◆ **Directions for this task**
Leave out the pictures and repeat exactly the lines from the one containing "在随后的主旨演讲阶段,陈晔、" through the end of the records.

◆ **Recorded data**
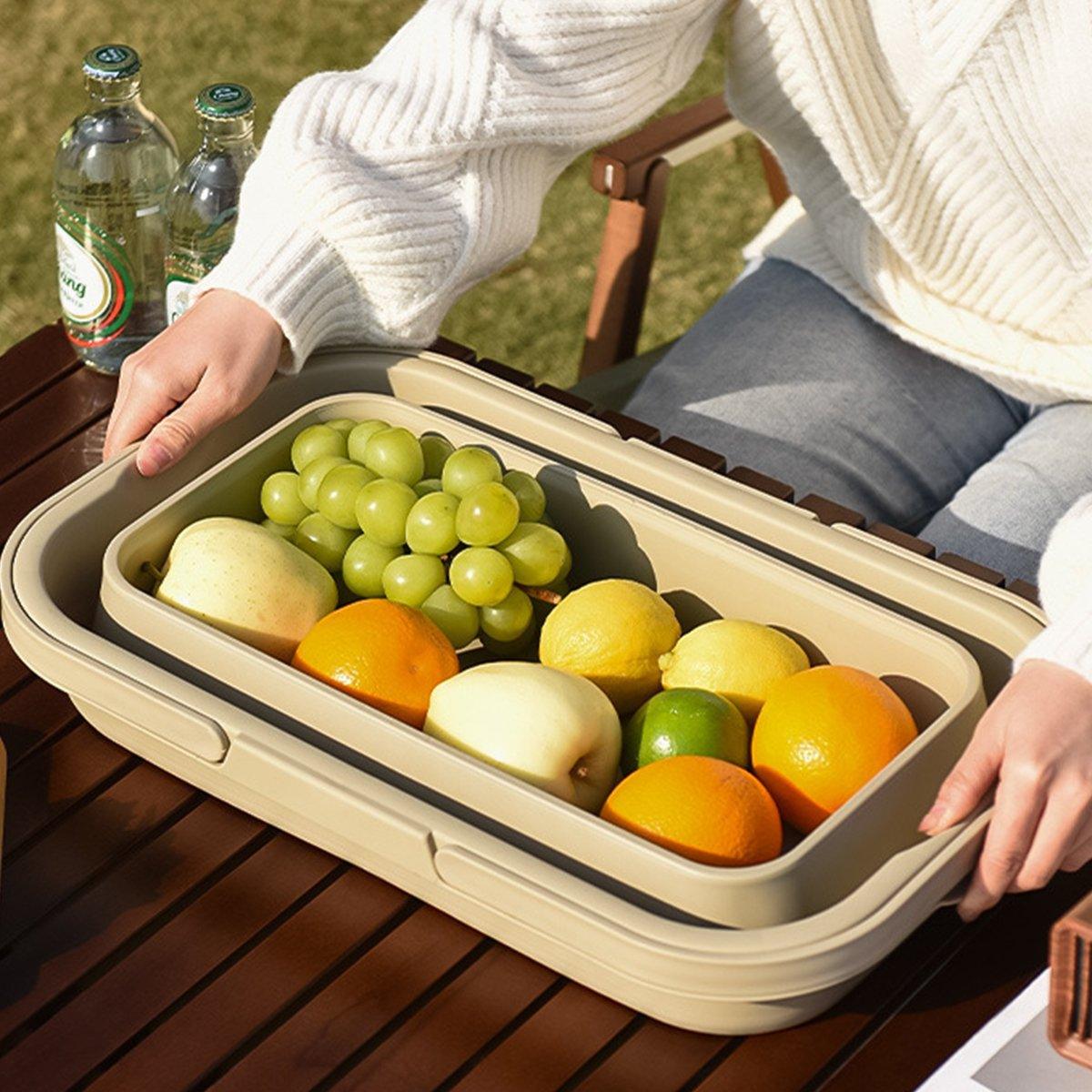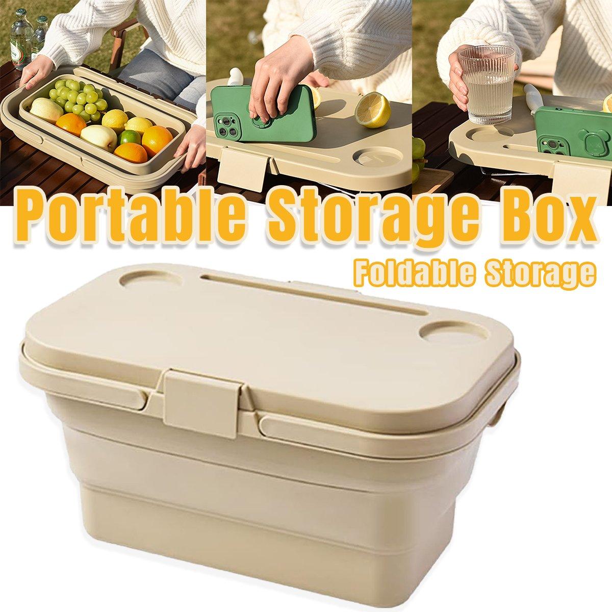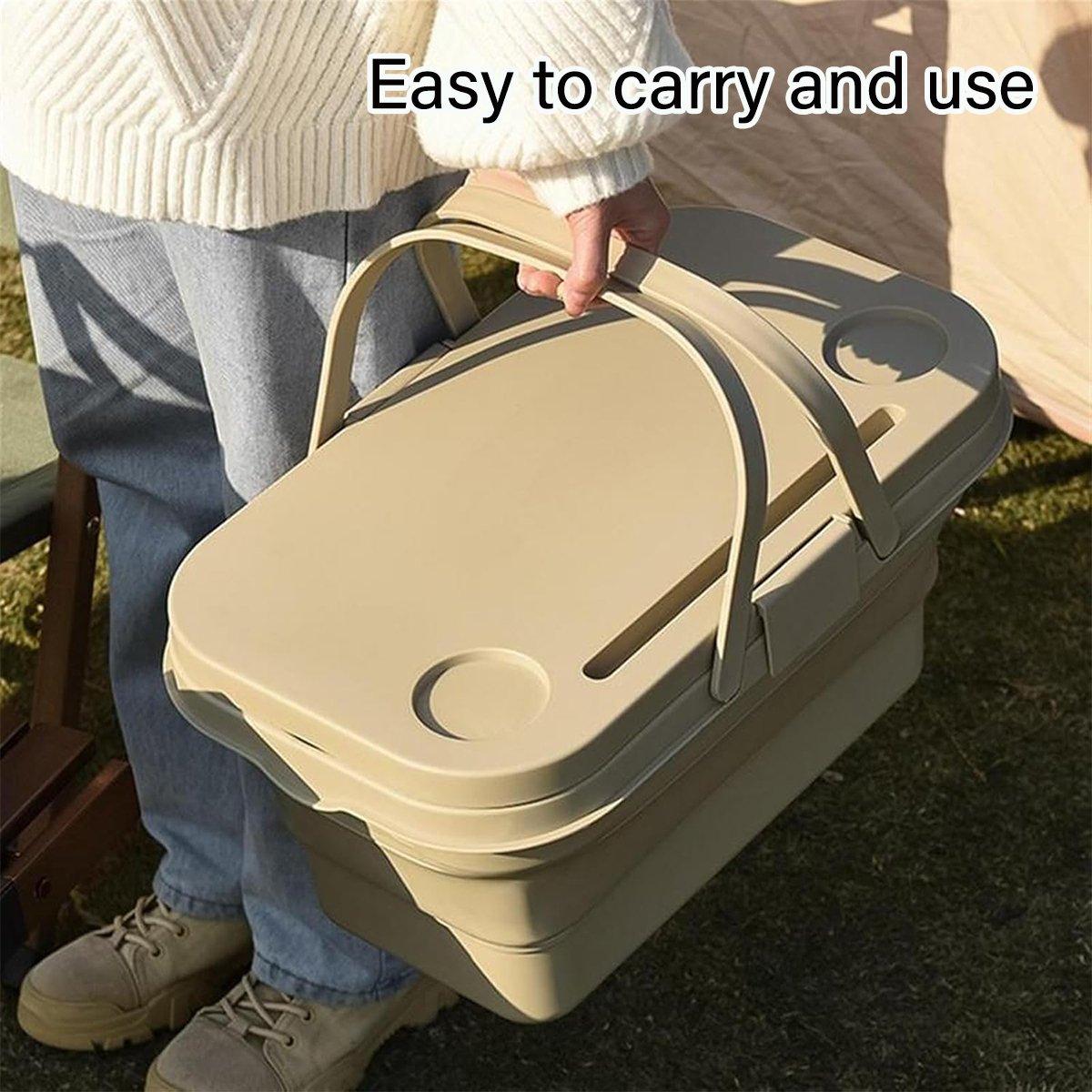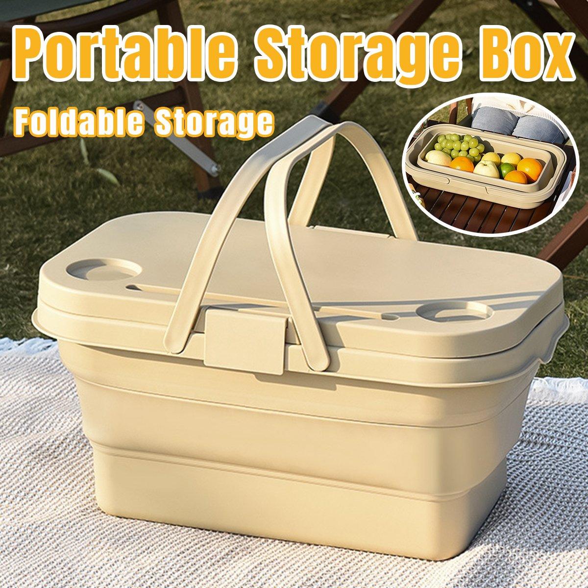 Outdoor Picnic Basket Camping Portable Handheld Storage Basket with Lid Foldable
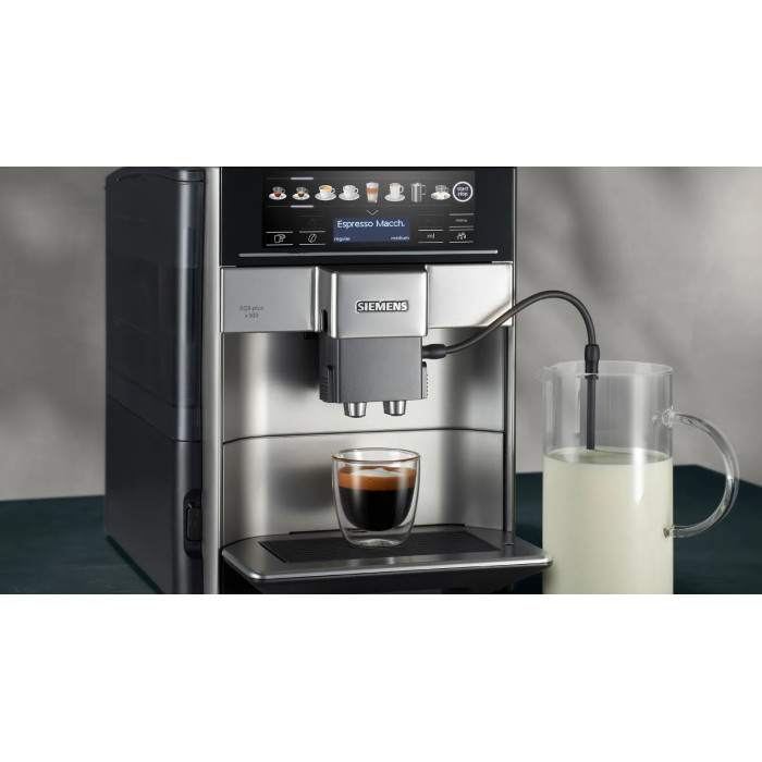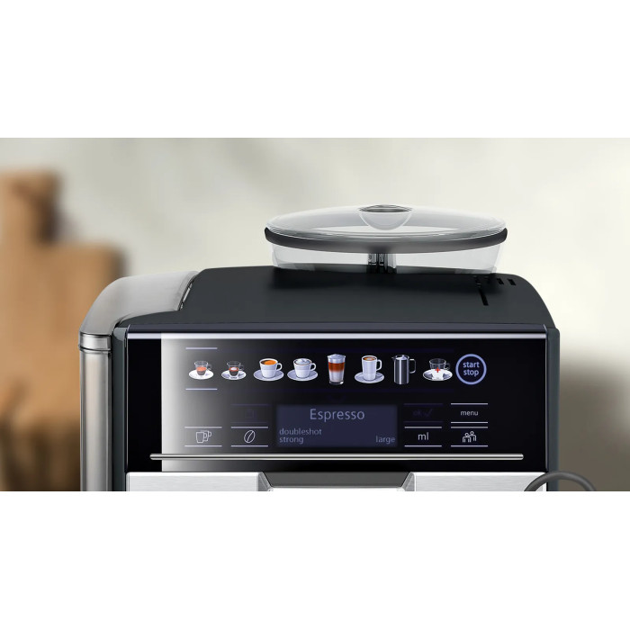 Кавомашина Siemens 1.7л, зерно + мелена, автомат.капучинатор, LED - дисплей, авторецептів - 12, чорно - срібний
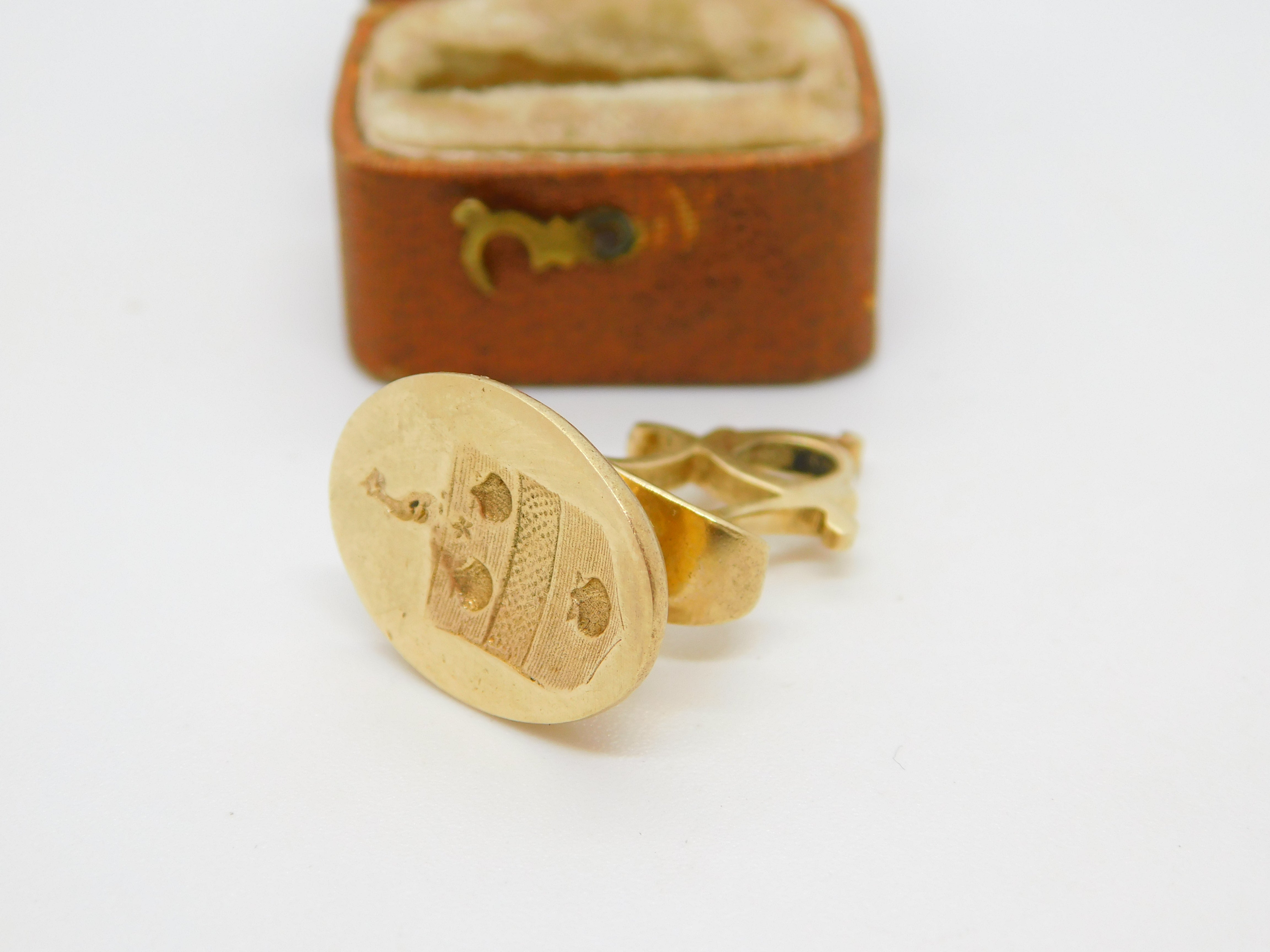 Georgian Cast 9ct Yellow Gold Heraldic Armorial Intaglio Seal Fob c1790 Antique
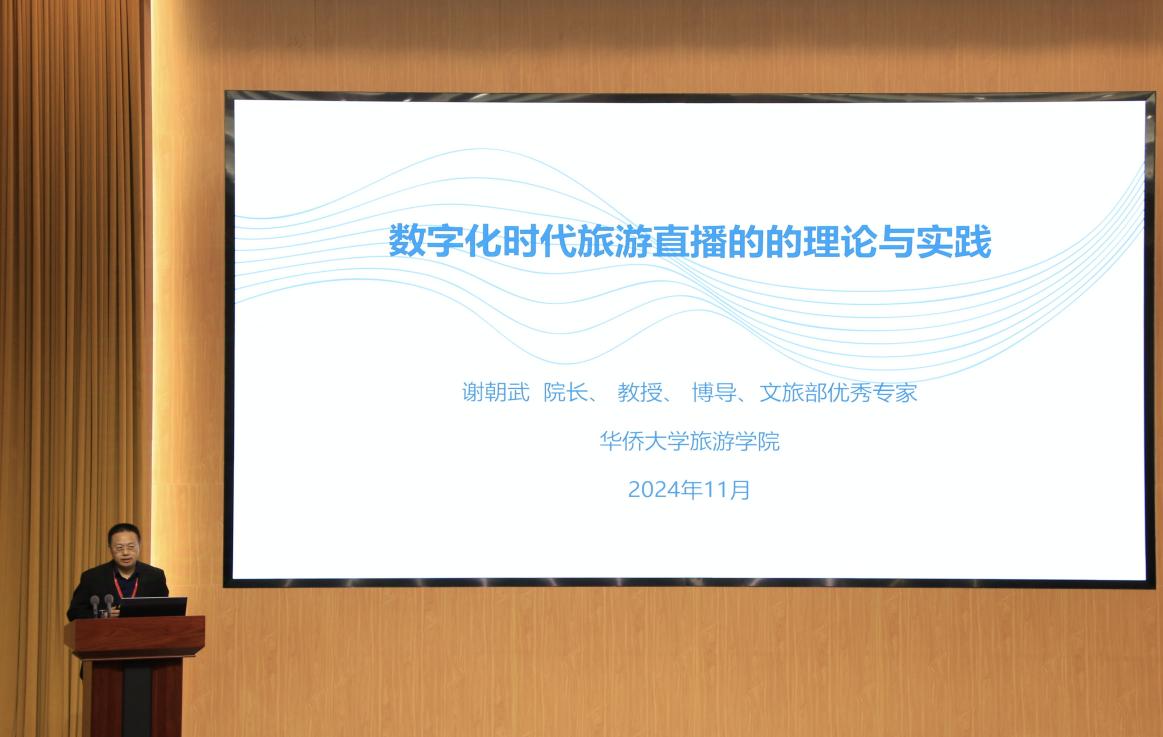 在随后的主旨演讲阶段,陈晔、孙九霞、谢朝武、阚如良分别以《新质生产力与文旅幸福产业发展》《媒介与地方视角下的数字文旅场域再造》《数字时代旅游直播营销的理论与实践》《农文旅融合振兴乡村的逻辑与规律》为主题做了精彩报告,为与会者呈现了一场场思想碰撞与智慧交融的学术盛宴。他们的报告不仅深刻剖析了当前文旅产业面临的新机遇与挑战,还从理论与实践的双重维度,为三峡农文旅融合的创新发展提供了宝贵的参考。
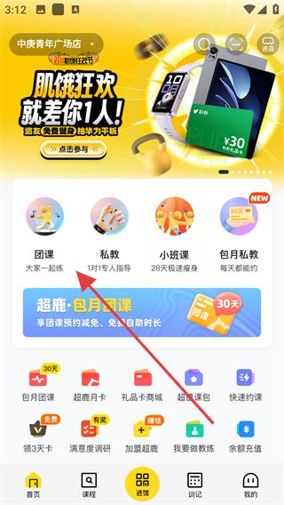 1、進(jìn)入首頁(yè)可看到團(tuán)課、私教等課程入口,點(diǎn)擊團(tuán)課按鈕,進(jìn)入團(tuán)課列表頁(yè)面。

◆ **Response**
 在随后的主旨演讲阶段,陈晔、孙九霞、谢朝武、阚如良分别以《新质生产力与文旅幸福产业发展》《媒介与地方视角下的数字文旅场域再造》《数字时代旅游直播营销的理论与实践》《农文旅融合振兴乡村的逻辑与规律》为主题做了精彩报告,为与会者呈现了一场场思想碰撞与智慧交融的学术盛宴。他们的报告不仅深刻剖析了当前文旅产业面临的新机遇与挑战,还从理论与实践的双重维度,为三峡农文旅融合的创新发展提供了宝贵的参考。
 1、進(jìn)入首頁(yè)可看到團(tuán)課、私教等課程入口,點(diǎn)擊團(tuán)課按鈕,進(jìn)入團(tuán)課列表頁(yè)面。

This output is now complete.